Ergonomic assessments identify injury risk and play a critical role in informing and prioritizing where ergonomic interventions are needed. Several ergonomic assessment tools have been developed to identify LBD risk resulting from manual lifting tasks. The Lifting Fatigue Failure Tool (LiFFT) is noteworthy because it is based on fatigue failure principles [
12] and estimates cumulative damage of the low back. LiFFT works by counting the number of lifting repetitions and using peak load moment (an indicator of back strain due to the object lifted) to estimate damage inflicted on the person’s back each lift [
12]. Gallagher et al. used mechanical fatigue failure principles to develop a relationship between lumbar moment and tissue damage per cycle, which underlies LiFFT [
12]. LiFFT was validated against existing epidemiological databases [
13,
14] containing the peak load moment for each lift, the number of lifts performed per day, and the incidence of LBD for workers in diverse occupations [
12,
13].
However, ergonomic assessments can be time-consuming, costly, and inconsistent in practice. For instance, approximately one in three assessments has been found to contain errors, and in 13% of the assessments, the errors were substantial enough to invalidate the evaluation [
15]. To perform an ergonomic assessment with LiFFT, a trained safety professional observes an individual worker during a shift, manually recording the weight of each object lifted, the horizontal distance from the object to the lumbar spine (or hip), and the number of repetitions of this task [
12]. Due to the time-intensive nature of these observations, continuous and personalized monitoring is often impractical or cost prohibitive. This means that rather than assessments occurring over a long duration and involving a variety of tasks across multiple workers, conclusions are drawn from limited observations and may not be generalizable across a wide range of workers or tasks.
There is an opportunity to develop more efficient and consistent ways to assess ergonomic injury risk over a range of workers and workplace environments by providing automated monitoring of overexertion risk (e.g., to the low back). Wearable sensors are one type of emerging technology that could improve ergonomic assessments by monitoring individuals remotely and for long durations, allowing for personalized injury risk assessment to inform ergonomic interventions. This could reduce the time and effort burden on safety professionals, while simultaneously enabling more widespread risk assessment.

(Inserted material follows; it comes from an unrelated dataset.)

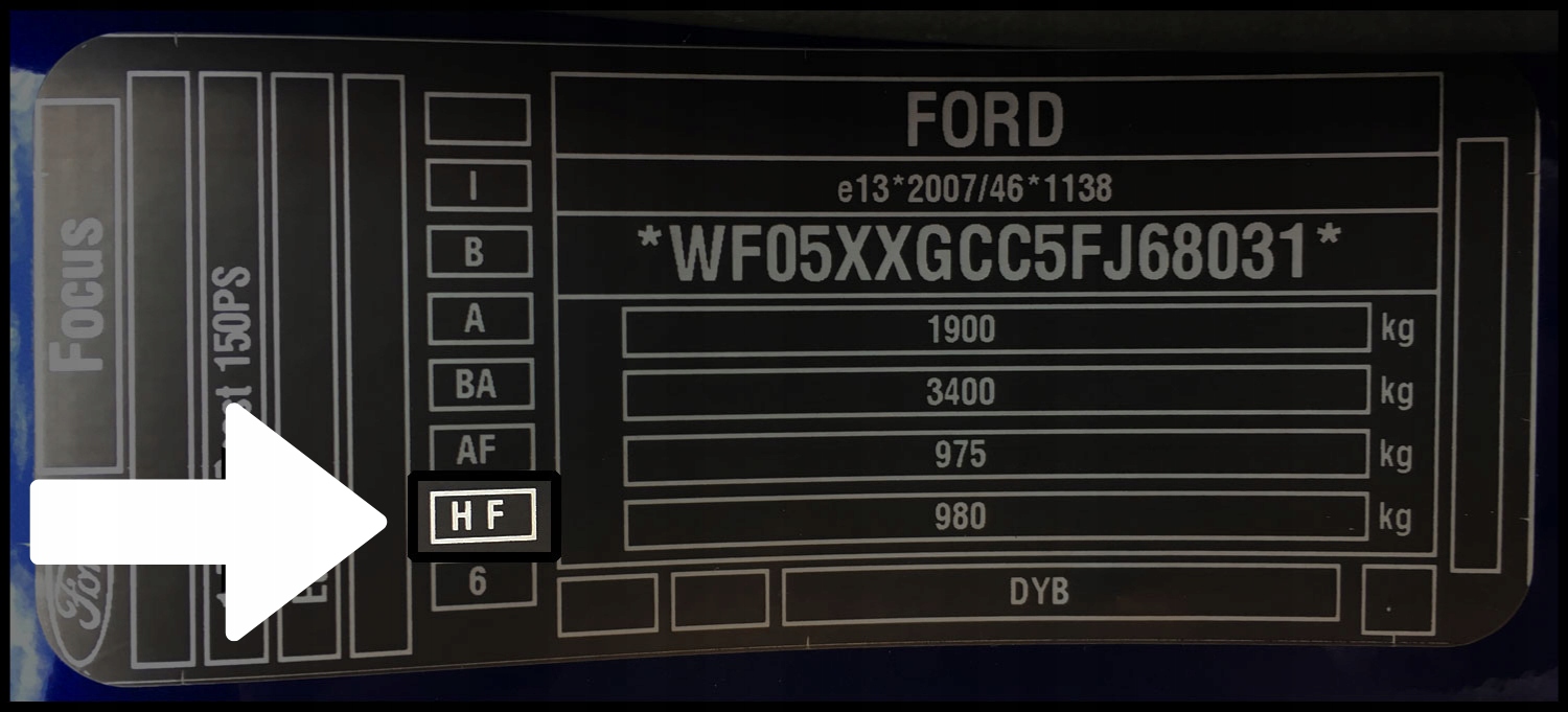 У компании FORD есть несколько мест, где может быть расположена цветовая маркировка. В случае с автомобилями выпуска до 2009 года серебристая металлическая пластина должна располагаться под капотом, возле балки или возле пассажирской двери. В автомобилях, выпущенных после 2009 года, ищите белую или черную бумажную наклейку возле пассажирской двери. Код цвета состоит из двух символов, расположенных во второй строке левого столбца снизу.

Wearable sensor systems using inertial measurement units (IMUs) are already being explored and adopted in industry to complement or expedite ergonomic assessment [
16,
17]. IMU systems provide kinematic information [
18,
19,
20] and are beneficial for ergonomic assessments that seek to capture data related to high-risk postures and bending frequency. There are some reports from industry indicating that IMU systems are useful in identifying and reducing musculoskeletal injury risks [
16,
17], and quantitative claims are now being made by device manufacturers about the efficacy and capabilities of their IMU systems for injury reduction. However, there is a dearth of formal, independent, or peer-reviewed studies that have evaluated these IMU systems, or the scientific basis underlying their risk assessment algorithms.
One known limitation of IMU systems is that they do not measure the weight of an object lifted, which may limit their ability to identify injury risk due to physical overloading or overexertion [
21]. While IMU systems can identify when an individual has performed a forward bend, they are unable to determine the weight of the object lifted or if an object has been lifted at all. This limitation is significant because musculoskeletal loading is dependent on forces and moments (kinetics), which require knowledge of the weight of an object lifted. Manufacturers of these IMU systems have tried to implement workarounds, such as manually inputting object weight, assuming a nominal object weight, or developing algorithms that attempt to estimate object weight indirectly based on movement patterns or other heuristics. However, the validity and efficacy of these workarounds is unknown. Fundamentally, it remains unclear to what degree we should expect IMU systems to be capable of assessing overexertion injury risk to the low back.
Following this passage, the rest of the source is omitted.